Violent Pursuit of Happiness

I have been reading an interesting book by Elizabeth D Samet called Looking for the Good War: American Amnesia and the Violent Pursuit of Happiness. Samet teaches English at the military academy at West Point. Long stretches of the book are devoted to film and book summaries. Some might find this bombardment of cultural references a drawback but it does demonstrate that Samet has no difficulty in finding validation for her argument everywhere.

I still have some battered old paperbacks from the early sixties of the novels of John Horne Burns (October 7, 1916 – August 11, 1953). Burns was the author of three novels. His first novel, The Gallery (1947), his best known work, was a best seller, very well received by critics when published, and has been reissued several times. It is currently in print from New York Review of Books Classics. In 2011, William Zinsser described it as “the proto-Vietnam novel, anticipating by a generation the hubris that ‘the ugly American’ would bring to another foreign land” by asking “who was more degraded: the Italians hustling to feed their families, or the GIs selling their cheaply bought PX goods at a huge profit?”

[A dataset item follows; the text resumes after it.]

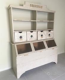 Vendo credenza in legno decapato, con mensole, cassetti e ante vetrina vasistas Misure: 158,5 x 49,5 h 206 cm

Samet quotes from The Gallery: “The gentle die in battle. Your crude extrovert comes out of his ordeal more brutal and crass and cocky than he went in. That’s the way civilizations die, gradually. A premium is put on physical courage in wartime which kills off the gentle, because they are too noble to admit of cowardice…Death to them is terrible.”

Samet quotes retired rear admiral Gene La Roque on the poisonous legacy of Vietnam. “…the twisted memory of it encourages the men of my generation to be willing, almost eager, to use military force anywhere in the world.” In his 1988 book, A Bright Shining Lie, Neil Sheehan referred to this mindset as “the disease of victory.” Sheehan expanded on this: “the dominant characteristics of the senior leadership of the American armed forces had become professional arrogance, lack of imagination, and moral and intellectual insensitivity.” Sheehan argued that this “institutional illness” had spread to civilian bureaucracies and to “the greater part of the political academic, and business leadership of the United States.” This meant that “American society had become a victim of its own achievement.”